It is mediated by antigen-specific T cells. The type I reaction differs from other types of hypersensitivity in terms of the time taken to respond.

It usually takes 1-3 days after the antigenic exposure and hence is called delayed type. Another important unique feature of type IV hypersensitivity from other types is the involvement of T cells in contrast to antibody as in other three types. Here, in this reaction, the antigens after processing and presentation by ABP stimulate type 1 helper T (TH1) cells to secrete cytokines and chemokines like IFN-γ, TNF-α and -β, and interleukin 2 (IL-2). TNF-α and -β increase the vascular permeability, and IFN-γ causes macrophage activation to secrete their lethal contents and subsequent tissue damage. Type IV hypersensitivity reaction is important for intracellular pathogens where antibodies are unable to reach. The lethal damage to the tissue causes the destruction of pathogens together with the cells. Type IV hypersensitivity reaction is of three types.

The contact hypersensitivity dermatitis occurs when an exogenous antigen invades the skin and induces inflammatory reaction in dermis and epidermis. The antigen-presenting dendritic cells and Langerhans cells process the antigen and present to type 1 helper T (TH1) to induce inflammatory reaction.

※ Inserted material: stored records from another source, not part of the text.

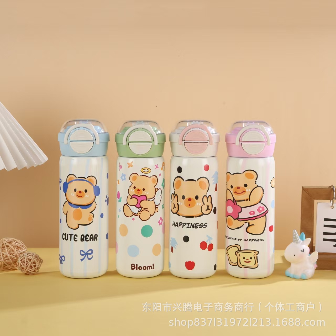创意304不锈钢保温杯幼儿园卡通黄油小熊吸管杯便携式手提双饮杯
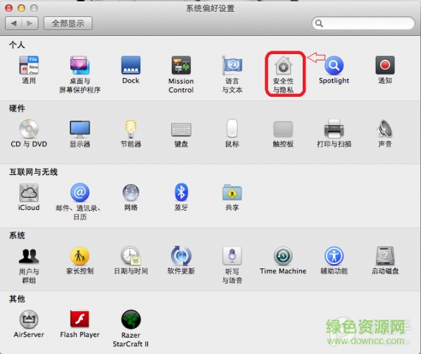 3、打開(kāi)系統(tǒng)的偏好設(shè)置--安全性與隱私。
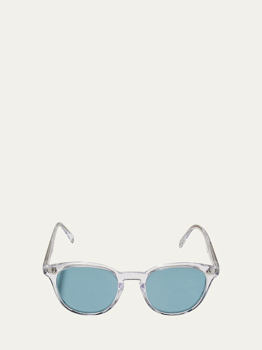Oliver Peoples "Desmon Sun" vintage-inspired round sunglasses with beveled-cut acetate frames Solid-colored lenses Full-rim frames; keyhole nose bridge Studded accents at sides and temples Custom filigree at metal corewire arms Tapered arms; inlaid logo at curved temple tips 100% UVA/UVB protection Made in Italy Online Inquiries: BGS21_N9876| Store Inquiries: #4306497
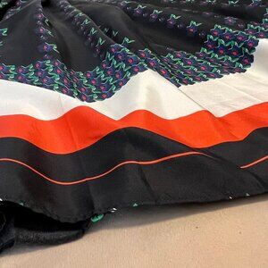 Princess Diana–inspired elegance. English tea rose print on lustrous silk-satin twill. Pleated striped knee-length hem. Hidden zipper. Unlined. Beautiful movement. Pre-owned ✅ No visible wear.
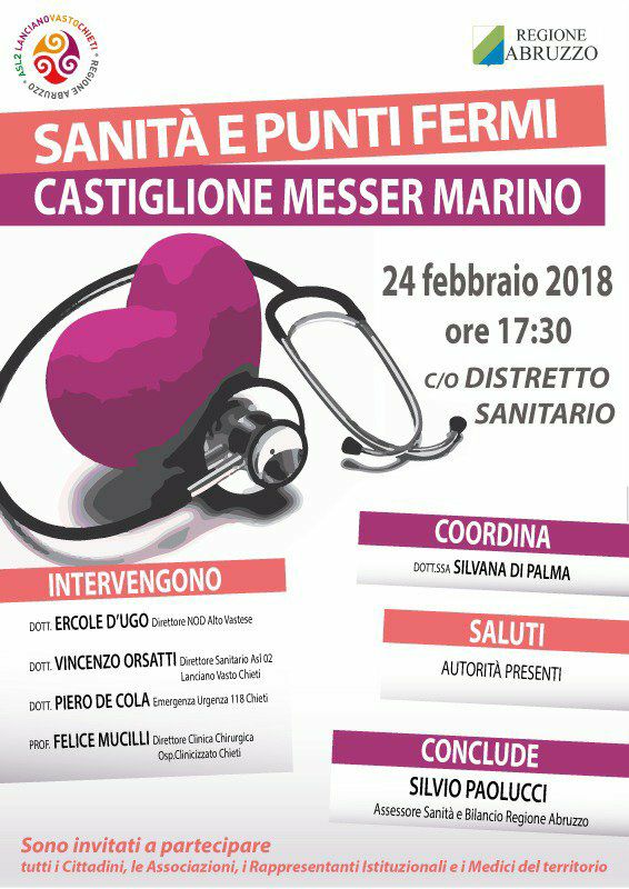 Sanità e punti fermi è il convegno organizzato a Castiglione Messer Marino CH, il 24 Febbraio alle ore 17.30 presso il Distretto Sanitario.
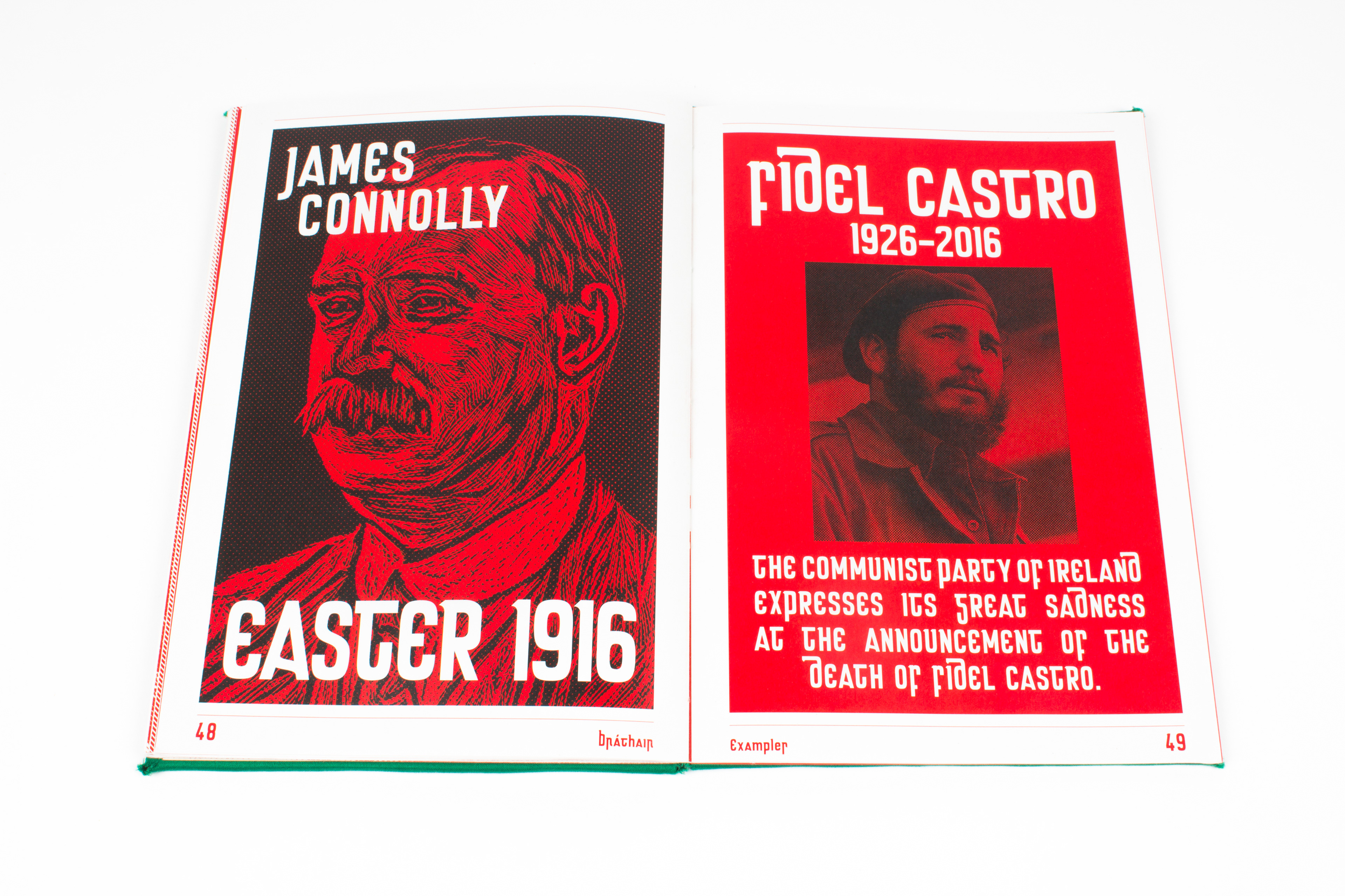 Bráthair is a typeface that combines the characteristics of An Cló Gaelach (Gaelic type) with Slovak typography used on street signs, billboards and shopfronts during the Socialist period, particularly during the period of Normalisation from the 1960—90’s.

Tuberculin-type hypersensitivity occurred in response to intradermal injection of purified protein derivative (PPD) named tuberculin (product of tuberculosis bacillus). It is used to detect tuberculosis in animals.

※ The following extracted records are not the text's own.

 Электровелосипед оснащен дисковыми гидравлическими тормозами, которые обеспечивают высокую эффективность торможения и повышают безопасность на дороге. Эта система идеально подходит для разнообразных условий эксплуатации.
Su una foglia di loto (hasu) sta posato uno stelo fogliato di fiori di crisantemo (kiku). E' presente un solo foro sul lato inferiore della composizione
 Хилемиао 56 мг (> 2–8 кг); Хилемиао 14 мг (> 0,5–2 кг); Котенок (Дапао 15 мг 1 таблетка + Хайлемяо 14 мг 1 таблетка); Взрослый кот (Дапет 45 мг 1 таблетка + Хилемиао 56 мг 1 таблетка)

Granulomatous-type hypersensitivity occurs in more serious condition when the recruited macrophages are unable to destroy the antigens. As a result, more number of macrophages are recruited and these macrophages filled with intracellular antigen lead to granuloma.

5.4.5 Immunological Disorders in Animals

5.4.5.1 Thyroiditis

In this condition, the antibodies are generated against thyroglobulin or thyroid peroxidase. The lymphocytes invade the thyroid gland and cause epithelial cell destruction through antibody-dependent cell-mediated cytotoxicity. The clinical manifestations include dry and dull hair coat, loss of hair, scaling, hyperpigmentation, and pyoderma.

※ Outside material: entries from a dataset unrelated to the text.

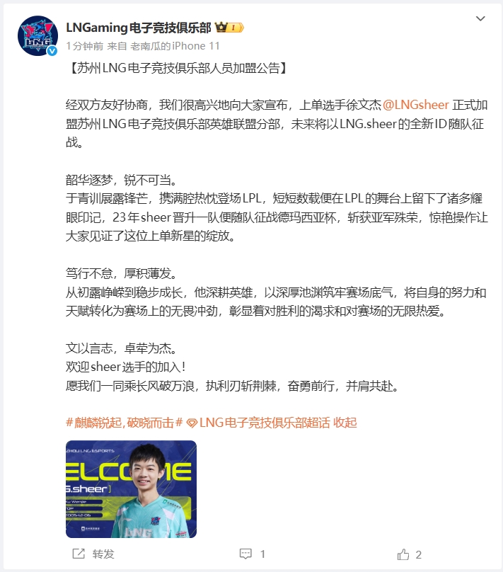 直播吧12月06日讯官方消息,苏州LNG俱乐部宣布人员变动消息,前JDG上单选手、自由人Sheer加盟队伍,随队备战2026赛季。
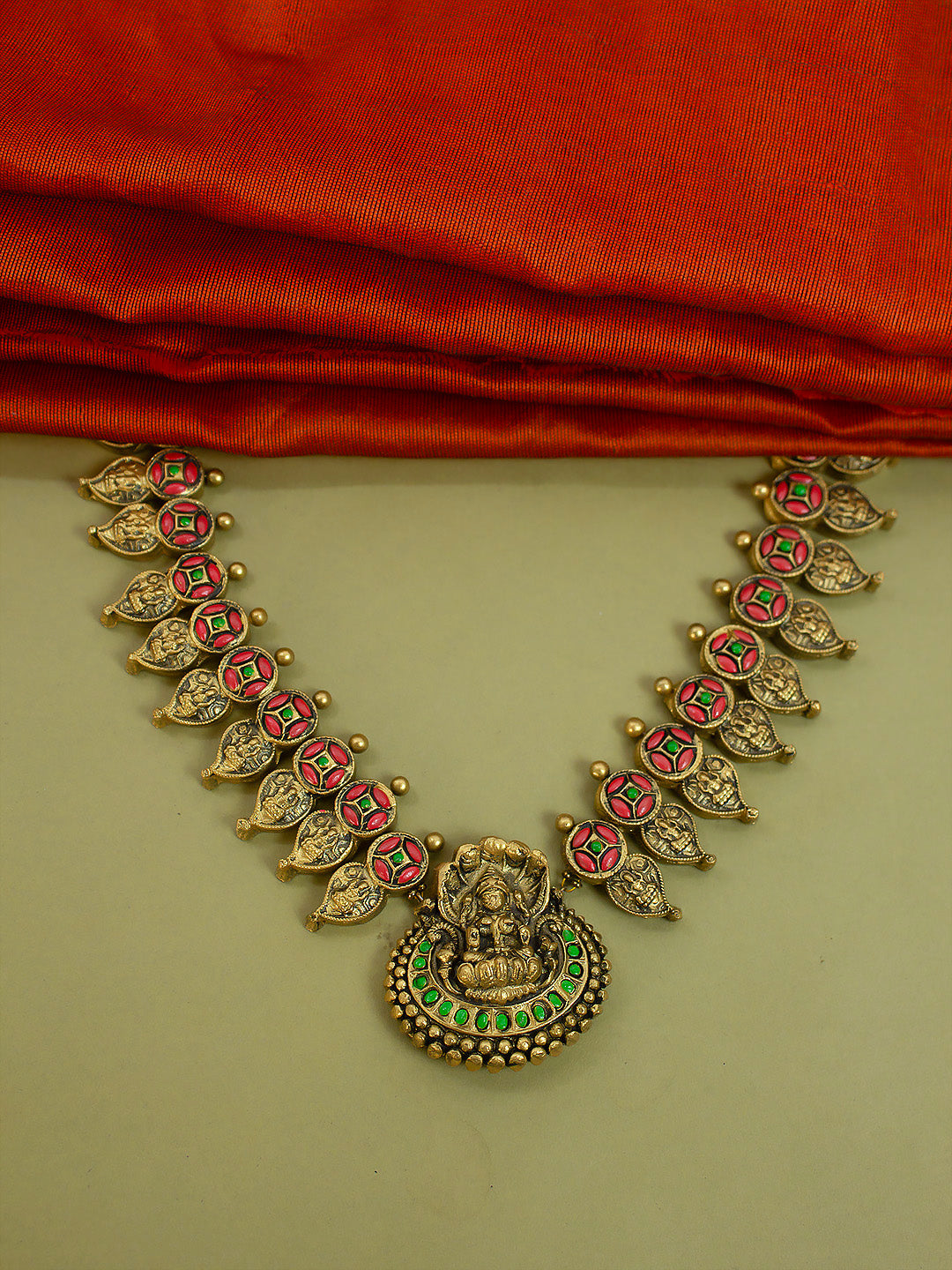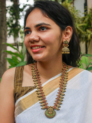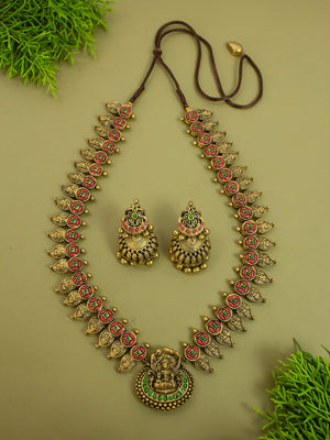 Antique Gold Pink Green Lakshmi and Mango Design Handmade Terracotta Necklace Set
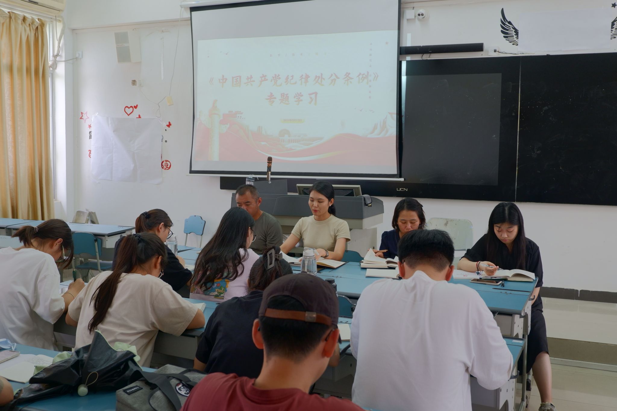 为深化党纪学习教育,5月15日,bevictor1946韦德官网员工党支部在2-504召开党纪学习教育专题学习会,员工支部全体教师和在校员工党员参会。党总支副书记刘萍男主持会议。
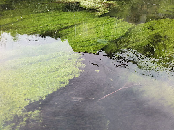 Řeka je zarostlá vodními rostlinami i do hloubky

Thyroiditis is common in dogs that are more susceptible, and susceptible dog breeds are Beagles, Great Danes, and Doberman.

5.4.5.2 Polyneuritis

It is an autoimmune disease against myelin proteins of nerve tissues. It occasionally occurs in horses and dogs. The characteristic symptoms are hyperesthesia and paralysis of tail, rectum, and urinary bladder. Sometimes, facial and trigeminal paralysis also occurs. In dogs, the disease is also called “coonhound paralysis” as it occurs as a result of bite or scratches from raccoons.

5.4.5.3 Uveitis/Blue Eye

It is an autoimmune disorder in response to autoantigen interphotoreceptor retinoid-binding protein and is characterized by the inflammation of uveal tract (iris and ciliary body) of the eye. It can be seen in horses and dogs. In horses, the inflammatory site is infiltrated with Th1 cells and neutrophils along with fibrin and C3 depositions, which may lead to blindness. In puppies, uveitis may develop after vaccination with canine adenovirus (CAV)-2-modified live viral vaccine and the prognosis is good. The characteristic symptoms include conjunctivitis, ulcers in cornea, vascularization, and corneal scarring.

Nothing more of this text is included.